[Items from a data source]
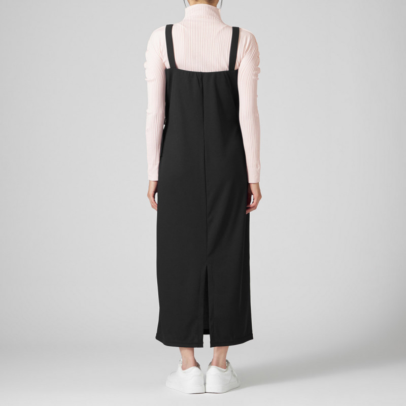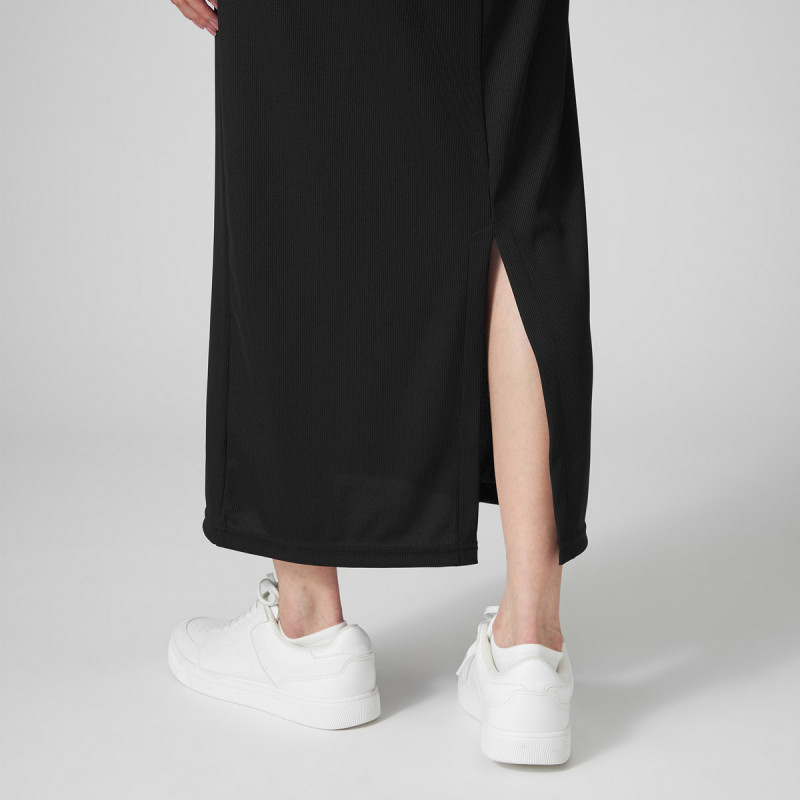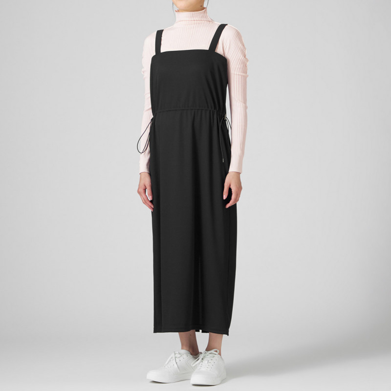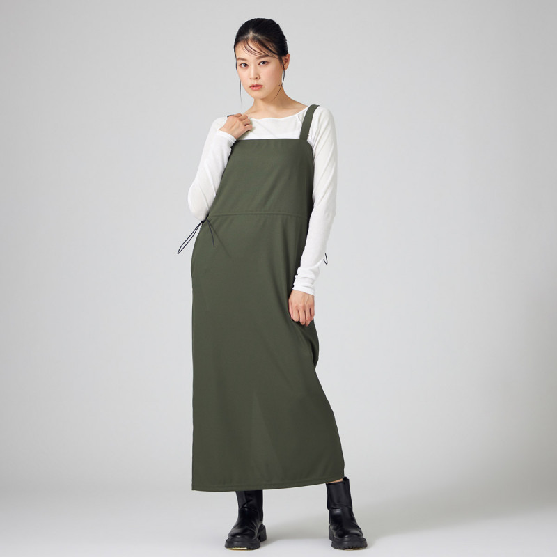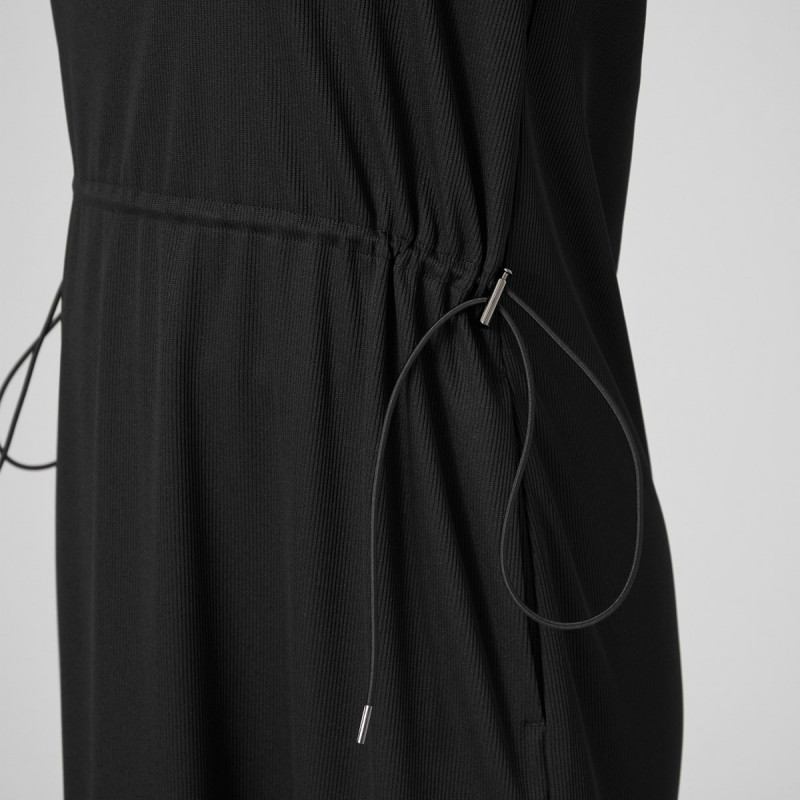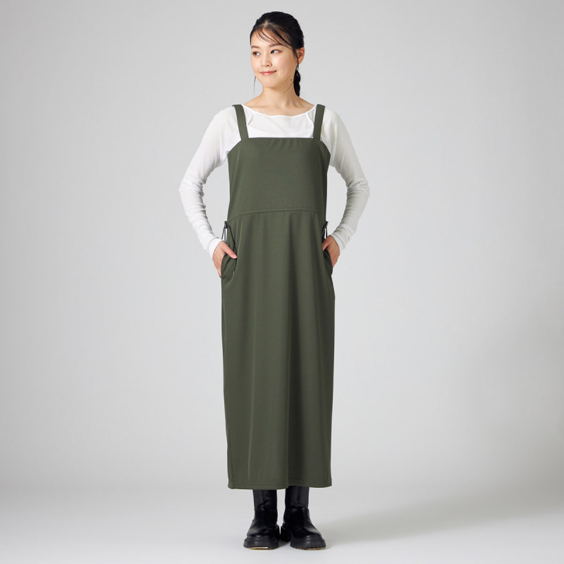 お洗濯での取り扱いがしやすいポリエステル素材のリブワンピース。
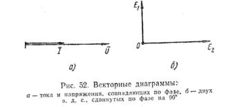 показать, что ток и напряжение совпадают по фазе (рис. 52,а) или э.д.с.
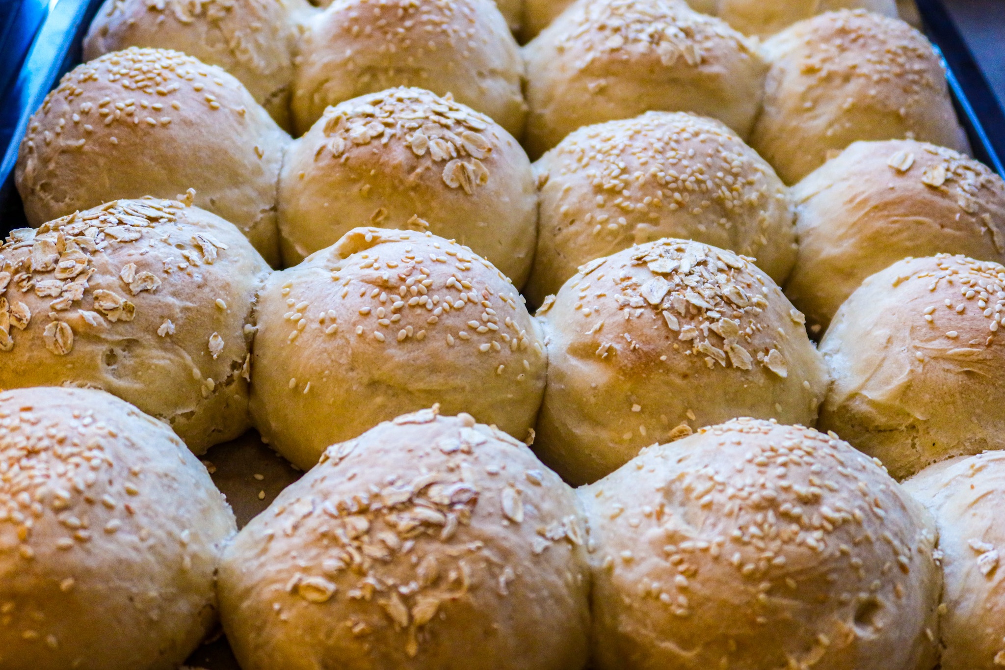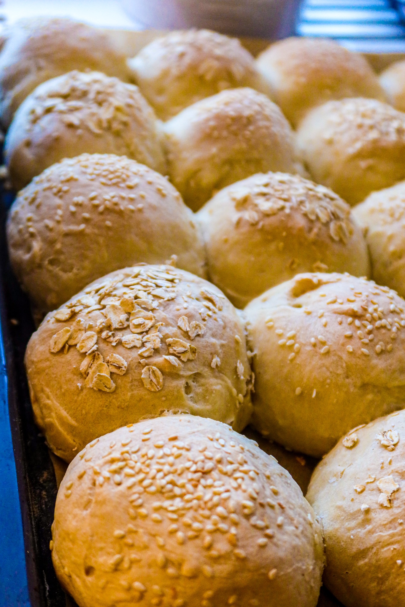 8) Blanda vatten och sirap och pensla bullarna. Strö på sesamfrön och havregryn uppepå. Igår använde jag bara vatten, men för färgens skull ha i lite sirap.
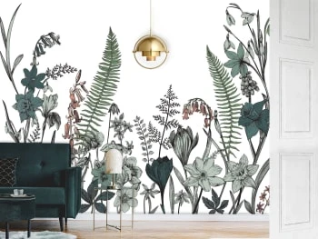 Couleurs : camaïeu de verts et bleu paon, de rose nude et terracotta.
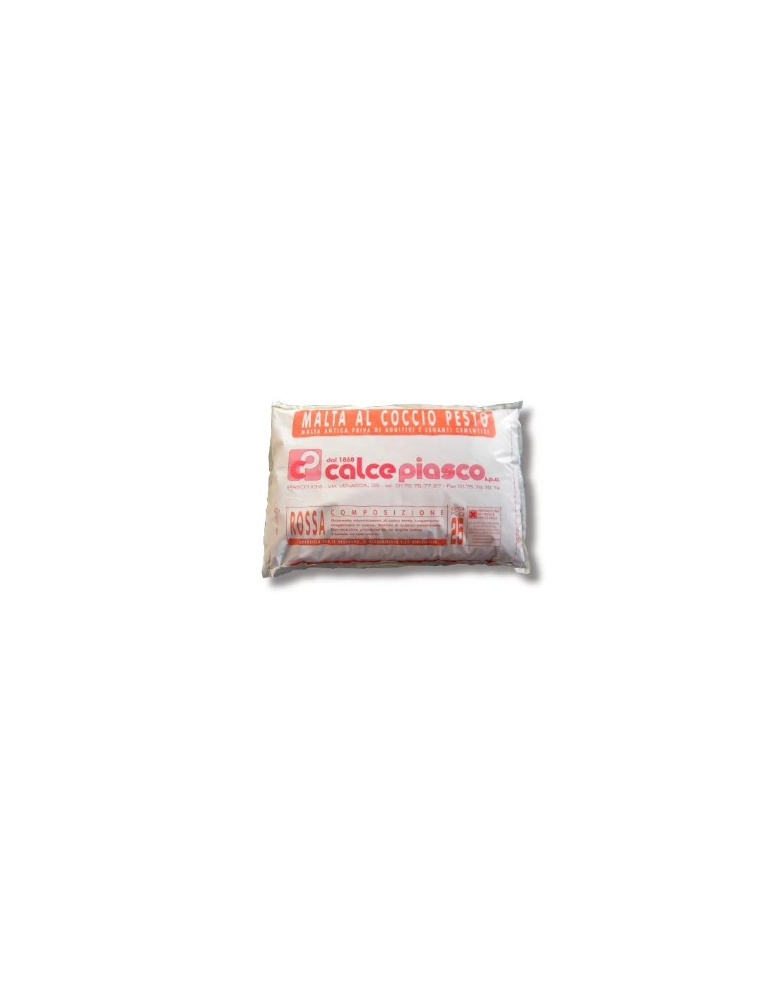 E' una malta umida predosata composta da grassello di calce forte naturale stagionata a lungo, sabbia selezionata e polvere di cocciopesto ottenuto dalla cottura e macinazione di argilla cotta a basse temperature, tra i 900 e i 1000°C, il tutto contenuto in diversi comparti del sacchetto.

Work request » With the pictures omitted, reproduce the records in full and exactly.

Task output »
 お洗濯での取り扱いがしやすいポリエステル素材のリブワンピース。
 показать, что ток и напряжение совпадают по фазе (рис. 52,а) или э.д.с.
 8) Blanda vatten och sirap och pensla bullarna. Strö på sesamfrön och havregryn uppepå. Igår använde jag bara vatten, men för färgens skull ha i lite sirap.
 Couleurs : camaïeu de verts et bleu paon, de rose nude et terracotta.
 E' una malta umida predosata composta da grassello di calce forte naturale stagionata a lungo, sabbia selezionata e polvere di cocciopesto ottenuto dalla cottura e macinazione di argilla cotta a basse temperature, tra i 900 e i 1000°C, il tutto contenuto in diversi comparti del sacchetto.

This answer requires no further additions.